The Coming Era of Mobile Transactions

Sat, Oct 1, 2011

Social Issues

I was inspired to write on this topic after facing a telling incident of how a non-technocrat traditional astrologer in Rajasthan (India) used mobility services for money transfer! It so happened that a kirana shopkeeper in Hyderabad sought the astrologer’s service for his horoscope. This could be prepared by sharing the shop-keeper’s birth time and date over the phone. Now, the astrologer used to charge Rs. 200 for making a horoscope. However, since the shopkeeper was in a far-off city, the astrologer simply asked the shopkeeper to recharge the former’s cell phone number with Rs. 200 from Hyderabad. On doing so, the astrologer called up the shopkeeper and conveyed to him his horoscope details!

Three things in the story caught my attention and subsequent analysis.

1.       How simple and instantaneous the transfer was! For a tech-savvy individual, like us, who are aware of mobile banking, internet banking, we generally transfer money through internet banking process. This requires adding the payee’s account number to our own account, and then transferring the sum. Within same bank accounts, the transfer happens immediately, but for different bank accounts, it takes a day or two. For the astrologer, the transfer had two advantages –

a.       They did not have to go through the process of funds transfer, adding payee, sharing the A/C number; but only the phone number would be sufficient for the shopkeeper to transfer the amount.

b.       Transfer could be made immediately (most kirana stores these days are also sim card) and the astrologer would get an immediate sms confirmation, upon receiving which he could provide his service to the shopkeeper.

2.       The fact that the process does not even require the concerned two people to be aware of net banking or mobile banking also is a point to note!

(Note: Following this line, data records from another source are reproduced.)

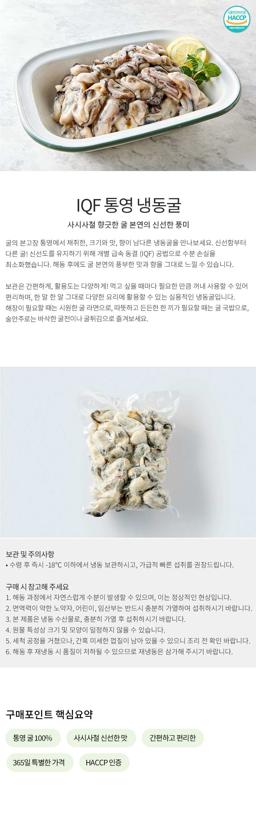 ✔개별 급속 동결 (IQF) 공법으로 신선한 굴
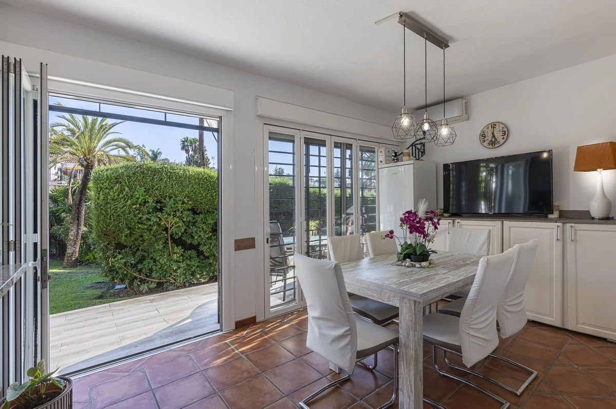 Finally, from your raised terrace you go down a few steps and walk straight into the community garden with palm trees and a swimming pool—a serene setting to read, play or work remotely in the open air. And, when you step outside the complex, the location is outstanding: a residential street in Nueva Andalucía, a short stroll from Puerto Banús and Centro Plaza, with amenities, restaurants and supermarkets just minutes away on foot; plus, by car you reach the Golf Valley (Aloha, Las Brisas, Los Naranjos), international schools and the A-7/AP-7 access in no time.
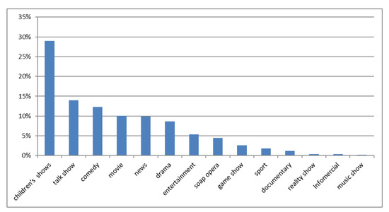 Food and beverage commercials covered 9.7 h out of 51.7 h of total commercials (18.8%). The length of food and beverage commercials ranged between 5 and 60 s, and most of the commercials had a length of 15 s (707 commercials). Children’s TV shows were the type of program during which food and beverage commercials were mostly broadcasted (29% of total commercials), compared to the rest of the shows scheduled (χ2 = 180.02; p < 0.001) (Figure 1). No significant differences were found between the total of food and beverage commercials aired during the weekdays (49%, n = 861/1756) compared to the total of food and beverage commercials aired on weekend days (51%, n = 895/1756).
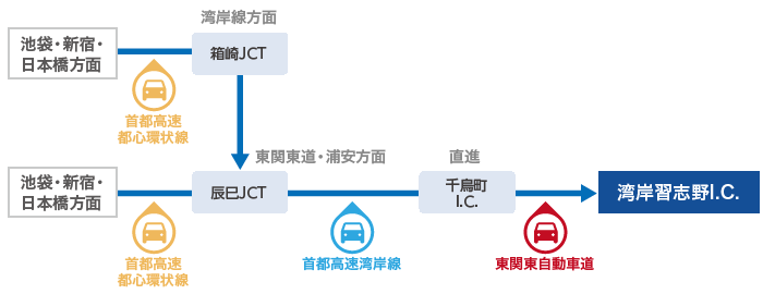 湾岸習志野I.C.(東関東自動車道)、または幕張I.C.(京葉道路)から約5分。
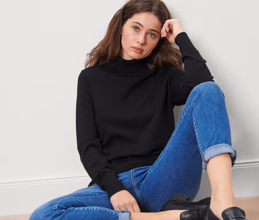 - Ez a garbónyakú pulóver fenntartható fából származó szálakat tartalmaz.
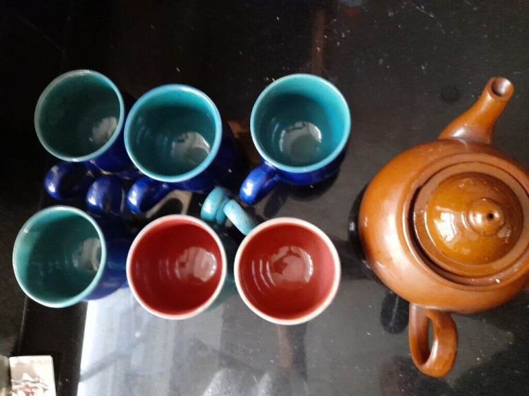 A nice ceramic breakfast tea set comprising 6 mugs & a teapot in good clean condition.
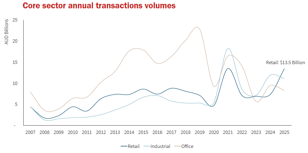 Total retail property transaction volumes reached $13.5 billion in 2025, representing a 56 per cent increase on 2024 volumes and sitting 87 per cent above the 10-year average, driven predominantly by shifting global sentiment and a gradual reweighting towards the sector by capital sources. For the first time on record, retail emerged as the highest-traded real-estate sector nationally, outtrading both the office and industrial sectors. This underscores the sector’s resilience and signals a fundamental shift in capital allocation strategies.
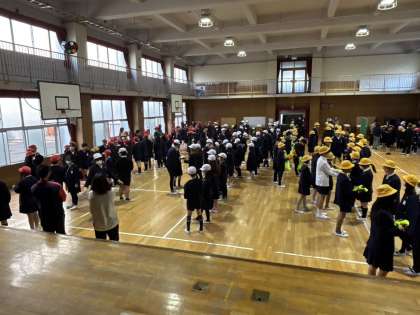 6年生のみなさん、1年間本当にありがとう!バトンを受け取った5年生のみなさん、よろしくお願いしますよ。
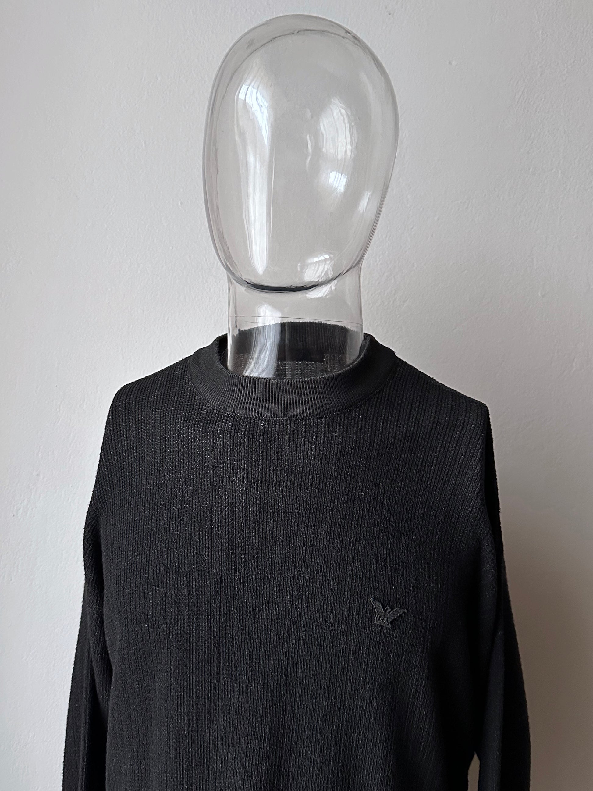 これ元々色々私物で白色の薄手のニットだったんですが、ガーメントダイして黒にしました。先日入荷したジャケットがあるんですが、あのジャケットを染める前に数回テストで自分たちの私物の色々な物を染めてもらってタンですが、そのテストとして染めた1枚。
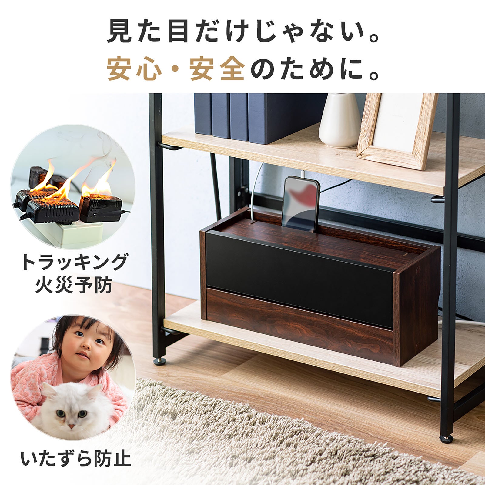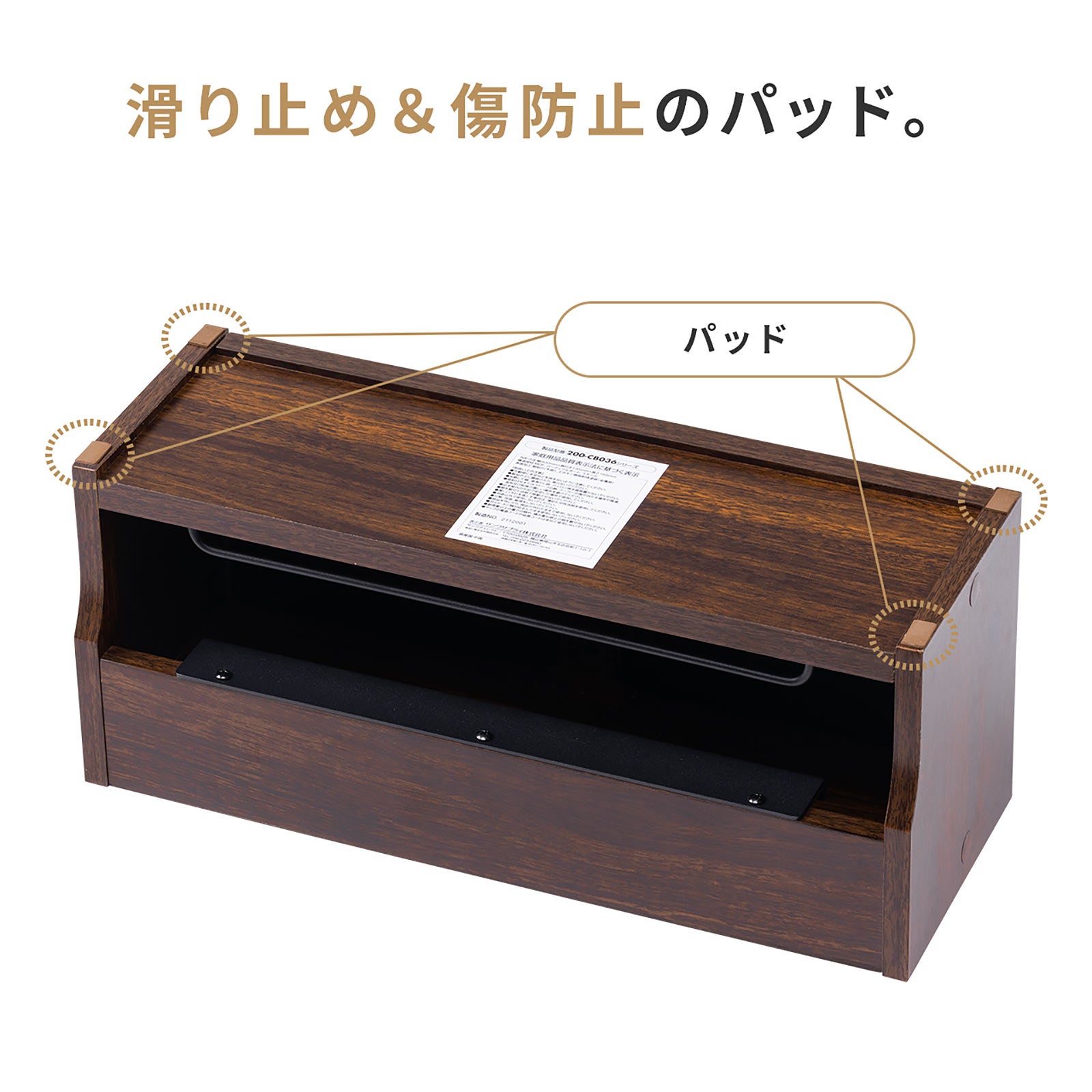 本製品は、ケーブルや電源タップなどが綺麗に収納できる木製の収納ボックスです。ごちゃごちゃしがちなケーブルをキレイにし見た目もスッキリさせることができます。
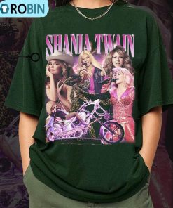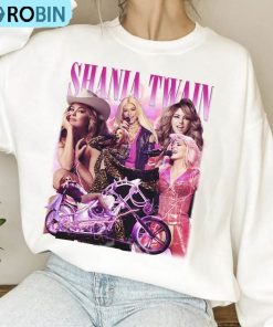 This Shania Twain Queen Of Me Tour Shirt is a must-have for any fan of her music! The shirt features a modern graphic image of Shania in a pink cowboy hat. The bold colors represent her edgy and independent spirit. The shirt is made of soft and breathable cotton and polyester fabric blend for a comfortable fit. The hoodie and sweatshirt feature a full-length zipper closure on the front for a stylish look. Great for wearing to a concert, or to show off your love for Shania's music, this shirt is perfect for any fan!
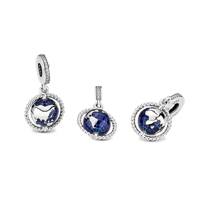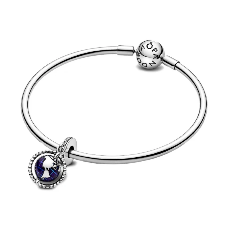 Crie um toque de aventura e brilho aliado ao seu look com esta conta Pandora feminina. De composição prateada sobre uma base de prata de lei 925, esta joia comporta um pendente do globo terrestre em esmalte azul com o desenho de cada continente, girando sobre o seu eixo para uma maior vivacidade e movimento.

Usage of mobility services by Indian mass without having expertise in mobile banking is indeed to be applauded.

3.       The service-dominant business model that comes out of the entire transaction. Contrary to the traditional concept of exchange of product in lieu of money, the entire transaction stands on service in lieu of another service business model. For the astrologer in Rajasthan, being able to extend his service till Hyderabad is supported by the usage of mobile devices as well as the fact that the sim card of any State can be recharged from any other State within India.

Narrating this incident and analyzing it for half a page has its implications. India Inc. is fast going more and more mobile. No matter how literate the common man is with the latest mobility services and innovations of Apple, Samsung, Blackberry, Google and others, the concept of “The World is Flat” is being exercised by every common man in India now-a-days. So what does this imply on a broader perspective? Let us list down and try to foresee how the forthcoming era of mobility and service dominant business will shape the world.

There was a time, only two-three years back, when the mobile customer’s demand was not tapped the way it has been today. There were many innovations coming up, and then the technology enthusiasts would also have to wonder, what next? What is it more that the customer may ask for? What service could cause more effective customer satisfaction? However, today, with the concept of customer co-creation and co-opting the customer to bring more value being the dominant business logic, such questions have already an answer. Hence, the rush is for the innovators to live up to the fast-changing mobile customer’s demands.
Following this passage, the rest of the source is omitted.